Each issue was caught within minutes, not days. The team fixed them before any downstream report was affected.

Results

Six weeks after kickoff, the client had:

MetricBeforeAfterChange
Data incidents per month161-94%
Pipeline maintenance hours/week201.5-92%
Time to produce board report3 days15 minutes-99%
Data sources integrated44 (same)Automated
Automated tests047From zero
Time to detect data issues3–11 days< 5 minutesReal-time

Beyond the Numbers

The qualitative impact was equally significant:

  • The finance team trusts the numbers. They stopped maintaining their shadow spreadsheet within two weeks.
  • The compliance team can answer regulator questions in minutes, not days. Full lineage from report → model → source is one click away.
  • Engineers are building features, not fixing pipelines. The 20 hours per week freed up is now spent on product analytics and ML experimentation.
  • Board reports are automated. The CEO receives a refreshed dashboard link every Monday morning — no manual assembly required.

Key Takeaways

For data leaders considering a similar migration:

  1. You don't need to migrate everything at once. Start with the most painful data domain and prove the approach works before expanding.
  2. Run systems in parallel. It costs a few extra weeks but gives stakeholders the confidence to approve the cutover.
  3. Testing is not optional.

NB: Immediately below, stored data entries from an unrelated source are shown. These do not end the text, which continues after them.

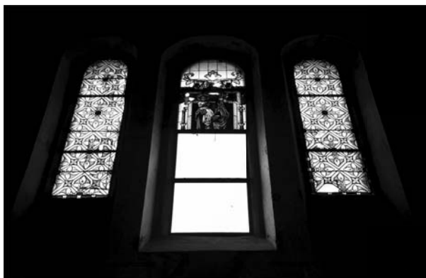
Vitraj s prikazom Svetog Josipa župne crkve u Lonji; fot. 26. 9. 2022.

svjestan vrijednosti glavnog oltara i da se on ranije nalazio u zagrebačkoj katedrali. U spomenici je još 1911. godine istaknuo o oltaru: »Ma da nije djelo osobite umjetnosti, ipak ga nisu trebali tako razkomadati, još bi mu se u našoj stolnoj crkvi, u kojoj se ionako sačuvalo malo starina, bilo mjesta.« 61 Kada je u rujnu 1915. godine odlučio nabaviti novi glavni oltar, zamolio je Zemaljsku vladu da stari premjesti u Arheološki odjel Narodnog muzeja u Zagrebu, »a na mjesto njegovo, da se novi o trošku zemlje postavi« 62 .
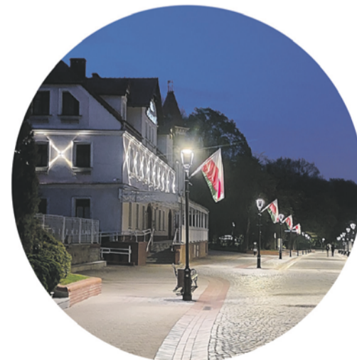
Wymiana oświetlenia zainstalowano 800 lamp LED
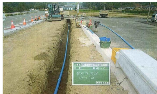
雲雀丘地区配水管布設替工事
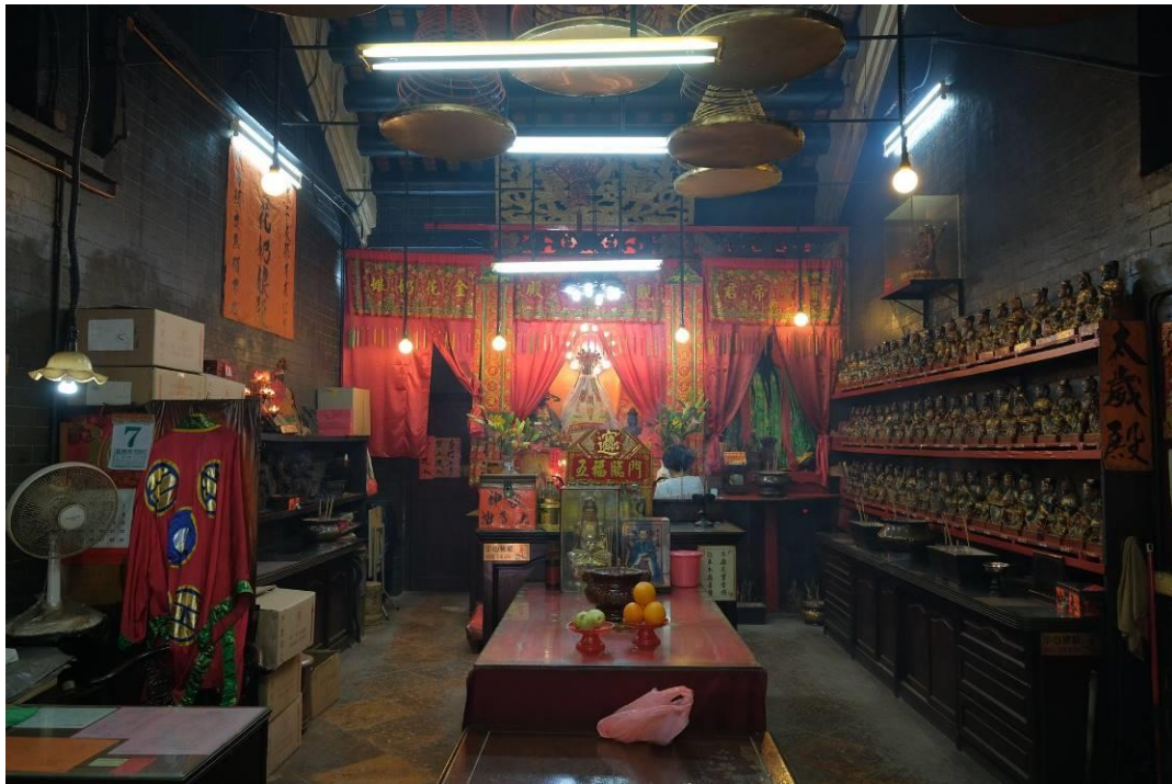
福德祠內部 主神壇供奉觀音、關帝及金花娘娘。
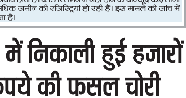
रेवाड़ी। किसान के खेत में चोरी की जांच करते हुए कसोला पुलिस।
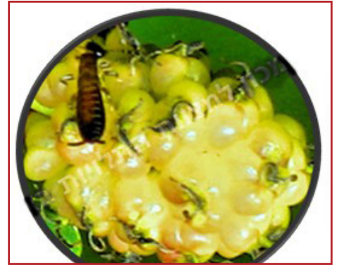
תריפס בינות לגרגרי תות בלתי מבושל - בהגדלה
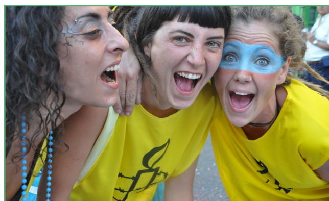
Pie de foto.
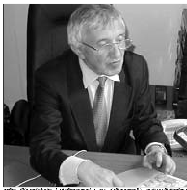
იური შრაქოვიჩი საქართველოსა და ქართველებს თანაგრძობდა.

ასე უთხრა ურნალისტებს თავის ერთ-ერთ უკანასკნელ პრესკონფერენციაზე რუსეთის დუმის დეპუტატმა, მწერალმა და ურნალისტმა იური შრაქოვიჩმა. მოსკოველმა ურნალისტებმა კარგად იცანს, რა ცეცხლსაც ეთამაშებოდა იურა - ადამიანისა და პოლიტიკოსის. ახლა ისინი გაქრება, მონებით ვაჭრობა და კორუფცია მაღალ სამხედრო
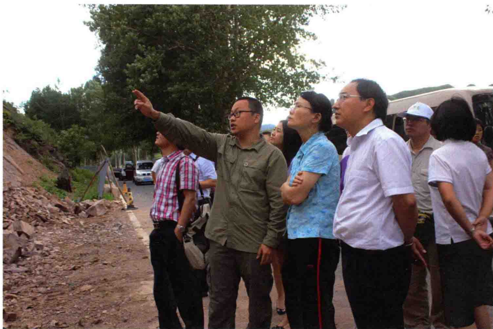
陈小宁副司长在北京延庆检查指导地质灾害防治等工作
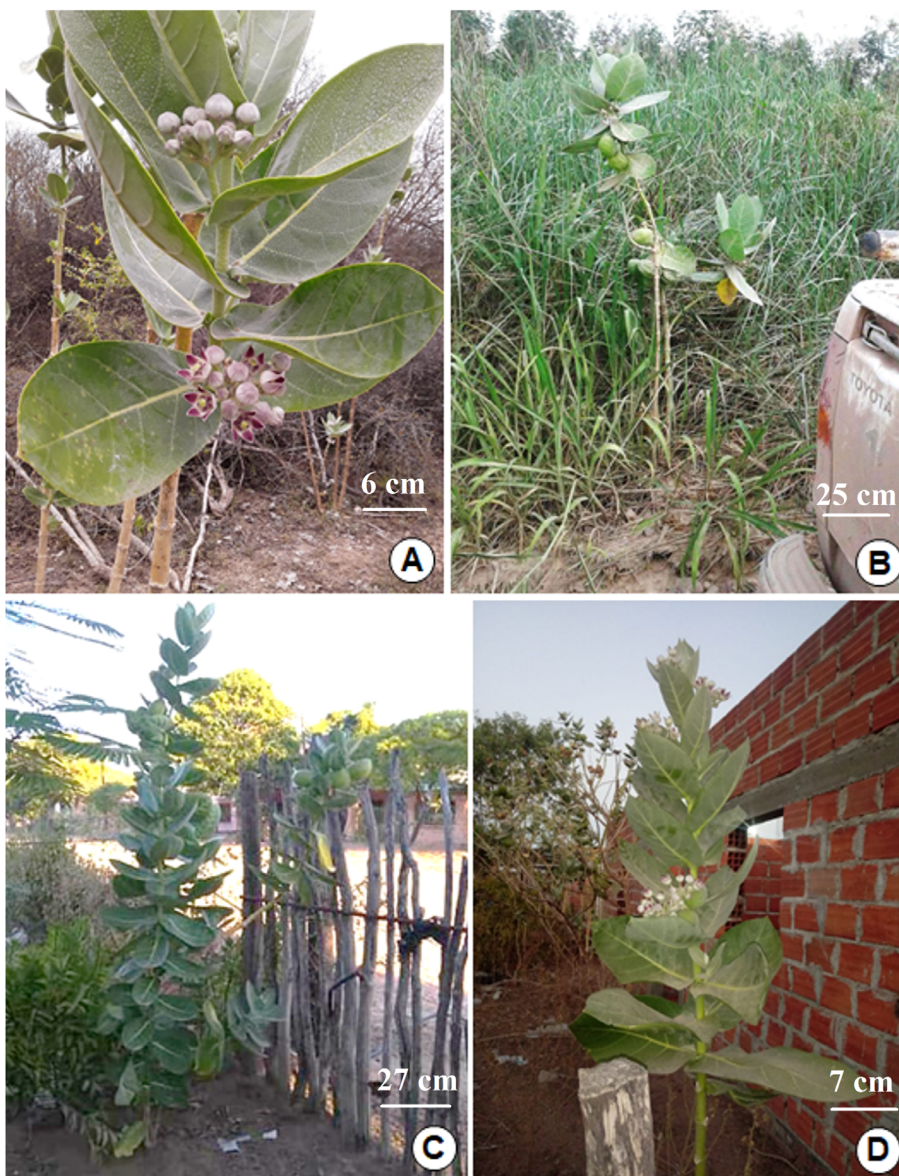
Fig. 2. Sitios donde Calotropis procera crece espontáneamente. A: Borde de bosque chaqueño. B: Borde de caminos. C-D: Alrededor de vivienda.

Calotropis procera se naturalizó en bordes de áreas desmontadas (Fig. 2A), ambientes antropizados como orillas de caminos (Fig. 2B), en los alrededores de las viviendas (Fig. 2C-D), baldíos, peladares y bordes de basurales. Crece

Automated data quality tests are the difference between a modern data stack and a new set of problems.
  4. Plan for knowledge transfer from day one. If your team can't maintain the system after the engagement, you haven't solved the problem — you've outsourced it.
  5. Legacy doesn't mean wrong. The old system had valuable business logic embedded in those messy scripts. We extracted and documented it, not discarded it.

The client's CTO summed it up: "For the first time in two years, I'm not worried about our data. It just works."